# Breaking Dawn: Sex-Szenen nur in Nahaufnahmen



## Stefan102 (16 Nov. 2011)

​
Twilight-Fans freuen sich natürlich vor allem auf die langersehnte romantische Hochzeit zwischen Bella und Edward, doch dass anschließend auch noch der heiße Sex kommt, ist sicher ebenfalls nicht zu verachten. So einige Details haben die Breaking Dawn-Stars Kristen Stewart (21) und Robert Pattinson (25) ja schon verraten, doch sie plaudern munter weiter, sodass wir immer mehr erfahren.

Nachdem wir also bereits wissen, dass Robs Tanga zu klein war, die Sexszenen eigentlich viel zu scharf sind und das Workout vor dem Dreh der sexy Szenen hart war, erfuhren wir nun auch, wie nah wir uns die Szenen bald im Kino ansehen können: sehr nah! Denn Kristen erklärte gegenüber MTV News, dass die Sex-Szenen überwiegend in Close-ups gezeigt werden. Das heißt, den Fans wird kein Detail der romantischen Liebesnacht zwischen Bella und Edward entgehen. Und dass die beiden Stars, die auch im realen Leben ein Paar sind, sich alle Mühe gegeben haben, ist ja selbstverständlich.

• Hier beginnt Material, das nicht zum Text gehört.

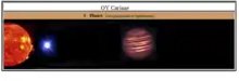 OY Carinae (abbreviated OY Car) is an eclipsing binary system approximately 277 light-years away from the Sun, classed as a cataclysmic variable. The system comprises an eclipsing white dwarf and red dwarf that orbit each other every 1.51 hours, and possibly a yet unconfirmed third low-mass (substellar?) companion.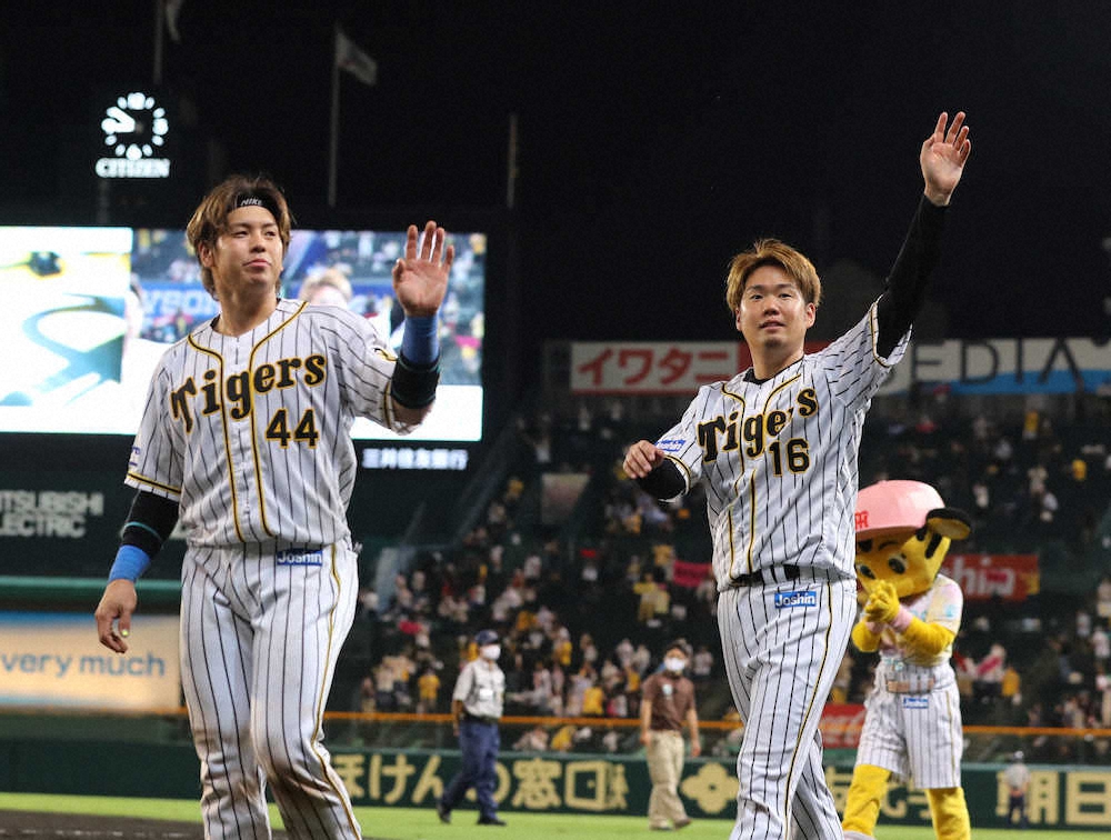 <神・広>ファンに手を振る西勇輝(右)と梅野(撮影・大森 寛明)
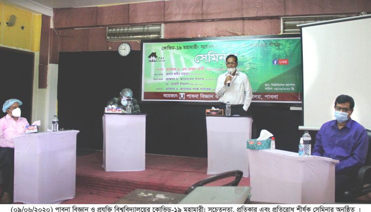 বিশ্ববিদ্যালয়ের গ্যালারী-২ সেমিনারে উপাচার্য প্রফেসর ড. এম রোস্তম আলীর সভাপতিত্বে প্রধান অতিথি জেলা প্রশাসক কবীর মাহমুদ আরো বলেন, মূলত ঈদের মধ্যে পাবনায় সংক্রমন বেড়েছে। পুলিশ, স্বাস্থ্যকর্মীসহ বিভিন্ন পেশার মানুষ আক্রান্ত হয়েছে। পাবনায় সদর উপজেলা বেশি আক্রান্ত। জেলা প্রশাসন নয়টি লাশ দাফন করেছে। আমাদের সবার মানবিক হতে হবে। জীবন ও জীবিকার যুদ্ধে সকলের সহযোগিতা দরকার। বিশ্ববিদ্যালয়ের ছাত্র-ছাত্রীদের জন্য মেস ভাড়া ৪০ শতাংশ কমানো হয়েছে। মানুষের যাতে কোন সমস্যা না হয় সেজন্য এক ইঞ্চি জায়গাও আমরা পতিত রাখবো না। পাবনা জেলায় পরিবেশ বান্ধব ২৩ হাজার বট গাছ লাগানো হবে বলে তিনি জানান।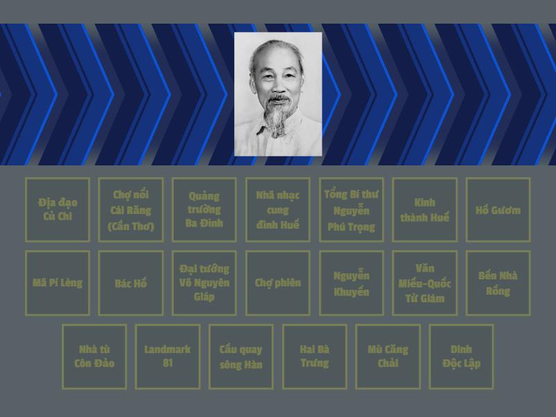 Bác Hồ, Hai Bà Trưng, Hồ Gươm, Đại tướng Võ Nguyên Giáp, Nguyễn Khuyến, Tổng Bí thư Nguyễn Phú Trọng, Dinh Độc Lập, Bến Nhà Rồng, Địa đạo Củ Chi, Quảng trường Ba Đình, Nhà tù Côn Đảo, Chợ nổi Cái Răng (Cần Thơ), Văn Miếu-Quốc Tử Giám, Kinh thành Huế, Cầu quay sông Hàn, Mã Pí Lèng, Mù Căng Chải, Nhã nhạc cung đình Huế, Chợ phiên, Landmark 81,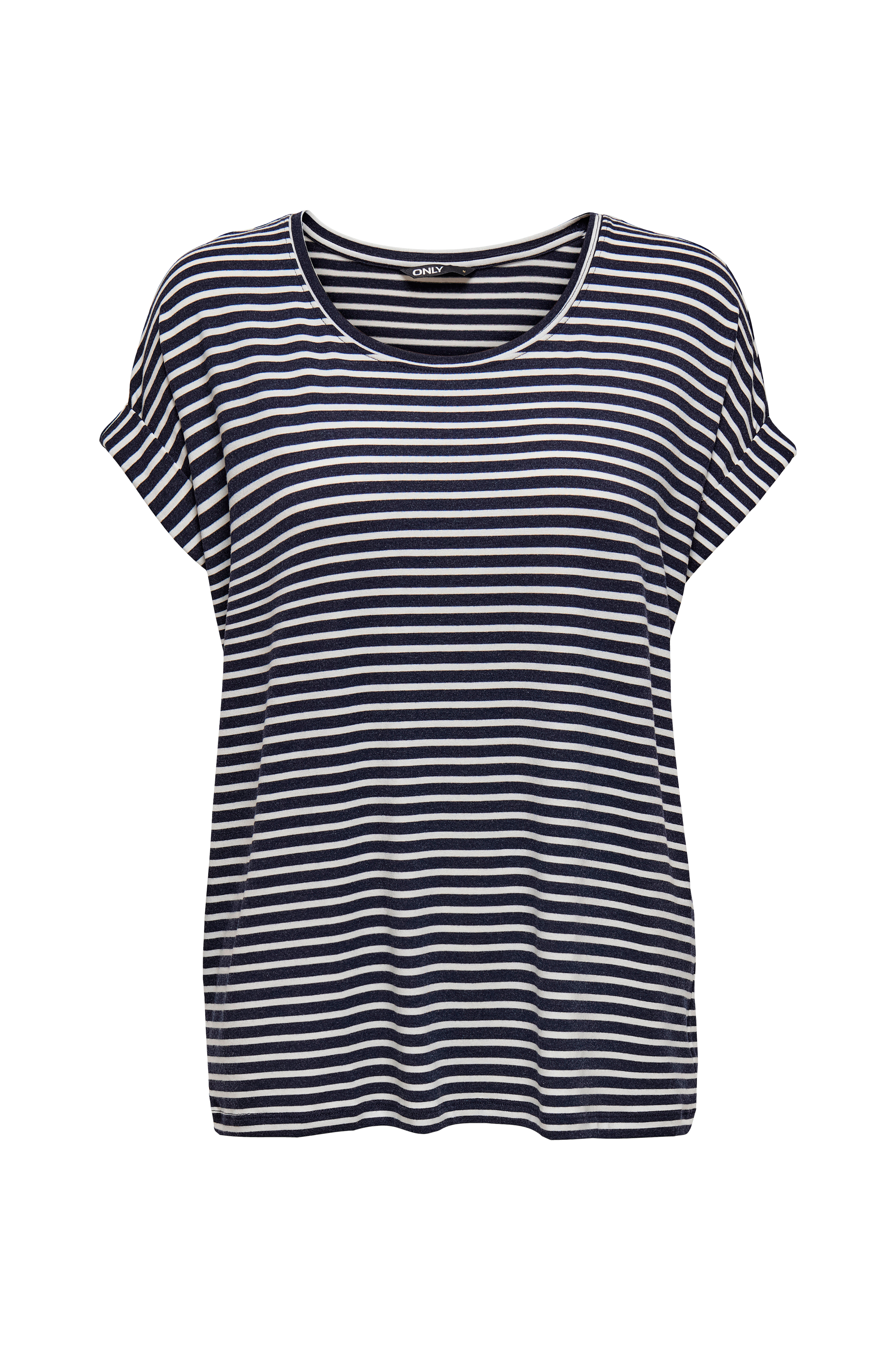 • Kortærmet, stribet top i elastisk viskoseblanding• Rund halsudskæring• Syede ærmeafslutninger• Plusstørrelser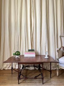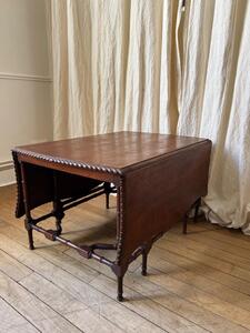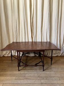 Table basse modulable à système d’abattants. Acajou et placage d’acajou. 2 abattants latéraux. Ouverte : 106 cm x 74 cm.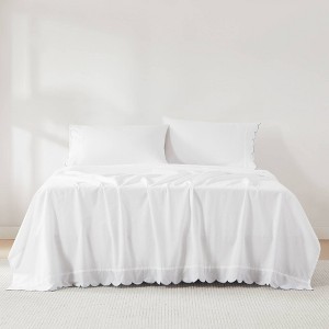 You'll be shore to sleep soundly with these coastal scalloped bed sheets. Reminiscent of rolling waves, this white sheet set has a contrasting scallop trim, adding a pop of color. It's the perfect addition to a coastal or minimalist style home. Crafted from 100% cotton, this 4 piece set includes 1 flat sheet, 1 fitted sheet, and 2 pillowcases. STANDARD 100 by OEKO-TEX® certified, all components have been tested and certified free from harmful substances. Machine washable for easy care.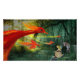 Mythische Phönix-Vögel fliegen durch den Wald, vorbei an einem Einhorn und einer Fee, die am Pool sitzt. Original digitale Kunst von Yuichi Tanabe.
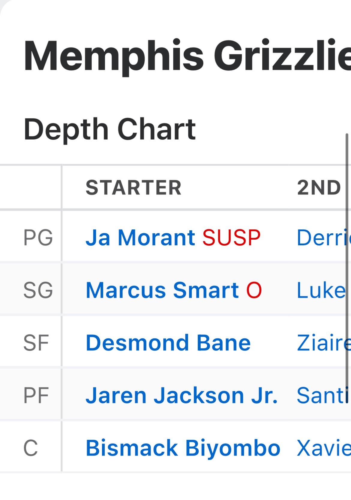 Grizzlies starting 5: I know we have had a pretty rough start of this season due to many injuries, but with ja back, and smart.WHO IS STOPPING THIS STARTING 5?

Ab dem 24. November 2011 können wir dann auf der großen Leinwand sehen, wie romantisch und heiß es wirklich zwischen den beiden wird – und wie gesagt, alles ganz, ganz nah. 

(Quelle: promiflash)


----------



## Q (16 Nov. 2011)

Tanga zu klein? rofl3 :thx: für die wichtige Info, dann darf man mal gespannt sein


----------



## Punisher (16 Nov. 2011)

Close-Ups sind prädestiniert für Body-Doubles


----------